§ Problem statement:
Pictures appear among the records below and must be omitted. Repeat exactly the lines from the line with "- Le territoire" to the line with "这里可以看到b和b2都是输入", both included.

§ Records supplied:
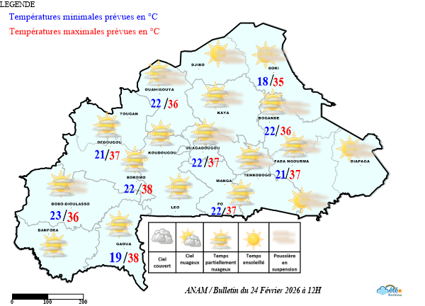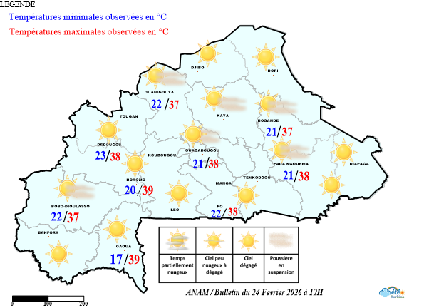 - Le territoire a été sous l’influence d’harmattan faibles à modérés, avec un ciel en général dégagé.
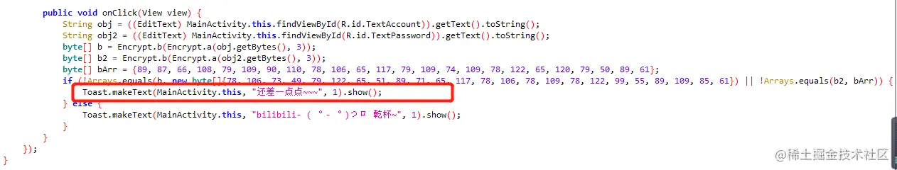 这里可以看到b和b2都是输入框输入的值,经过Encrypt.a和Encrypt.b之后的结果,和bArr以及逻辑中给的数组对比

* * *

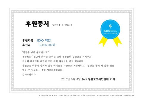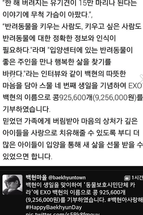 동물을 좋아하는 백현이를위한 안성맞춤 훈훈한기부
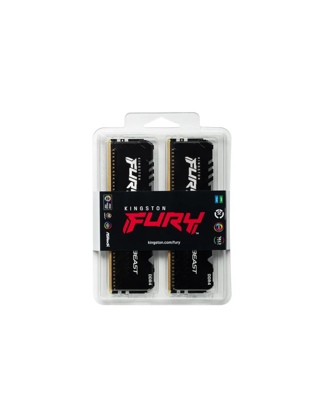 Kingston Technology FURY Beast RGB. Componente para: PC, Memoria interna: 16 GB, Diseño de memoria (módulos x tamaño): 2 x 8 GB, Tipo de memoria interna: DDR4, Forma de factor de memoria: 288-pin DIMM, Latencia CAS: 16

* * *

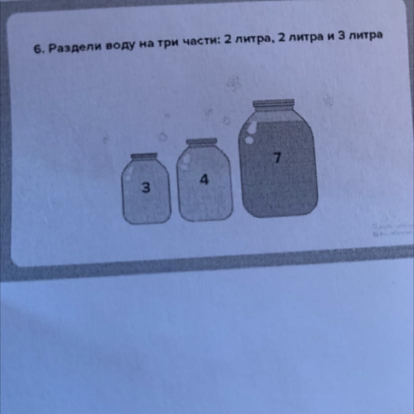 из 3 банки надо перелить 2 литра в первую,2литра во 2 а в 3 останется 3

§ Exercise response:
 - Le territoire a été sous l’influence d’harmattan faibles à modérés, avec un ciel en général dégagé.
 这里可以看到b和b2都是输入框输入的值,经过Encrypt.a和Encrypt.b之后的结果,和bArr以及逻辑中给的数组对比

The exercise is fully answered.